*What you will do*
Find every line in the records below that holds the word "perfect" and copy it.
*** Opening of The data ***
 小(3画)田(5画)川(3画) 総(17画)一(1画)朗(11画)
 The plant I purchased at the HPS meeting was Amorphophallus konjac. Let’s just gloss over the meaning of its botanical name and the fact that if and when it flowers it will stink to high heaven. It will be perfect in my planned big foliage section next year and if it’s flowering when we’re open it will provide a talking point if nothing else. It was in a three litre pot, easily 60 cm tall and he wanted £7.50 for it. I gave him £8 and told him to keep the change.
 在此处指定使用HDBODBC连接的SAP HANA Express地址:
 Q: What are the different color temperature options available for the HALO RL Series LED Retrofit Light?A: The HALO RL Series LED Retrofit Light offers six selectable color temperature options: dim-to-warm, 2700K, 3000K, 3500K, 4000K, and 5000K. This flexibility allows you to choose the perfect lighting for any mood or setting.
*** Close of The data ***
*** Opening of The data ***
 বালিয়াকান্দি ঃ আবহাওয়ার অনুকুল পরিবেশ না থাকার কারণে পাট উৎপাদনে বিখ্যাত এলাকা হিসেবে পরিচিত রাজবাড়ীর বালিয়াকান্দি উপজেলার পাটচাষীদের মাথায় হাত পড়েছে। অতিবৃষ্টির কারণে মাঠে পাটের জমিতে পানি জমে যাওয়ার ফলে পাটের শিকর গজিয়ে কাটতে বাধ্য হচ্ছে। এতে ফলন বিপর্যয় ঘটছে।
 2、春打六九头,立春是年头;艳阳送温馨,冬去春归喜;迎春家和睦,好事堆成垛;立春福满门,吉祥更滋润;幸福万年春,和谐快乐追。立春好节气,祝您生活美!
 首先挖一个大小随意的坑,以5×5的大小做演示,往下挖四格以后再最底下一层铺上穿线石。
*** Close of The data ***
*Response to the task*
 The plant I purchased at the HPS meeting was Amorphophallus konjac. Let’s just gloss over the meaning of its botanical name and the fact that if and when it flowers it will stink to high heaven. It will be perfect in my planned big foliage section next year and if it’s flowering when we’re open it will provide a talking point if nothing else. It was in a three litre pot, easily 60 cm tall and he wanted £7.50 for it. I gave him £8 and told him to keep the change.
 Q: What are the different color temperature options available for the HALO RL Series LED Retrofit Light?A: The HALO RL Series LED Retrofit Light offers six selectable color temperature options: dim-to-warm, 2700K, 3000K, 3500K, 4000K, and 5000K. This flexibility allows you to choose the perfect lighting for any mood or setting.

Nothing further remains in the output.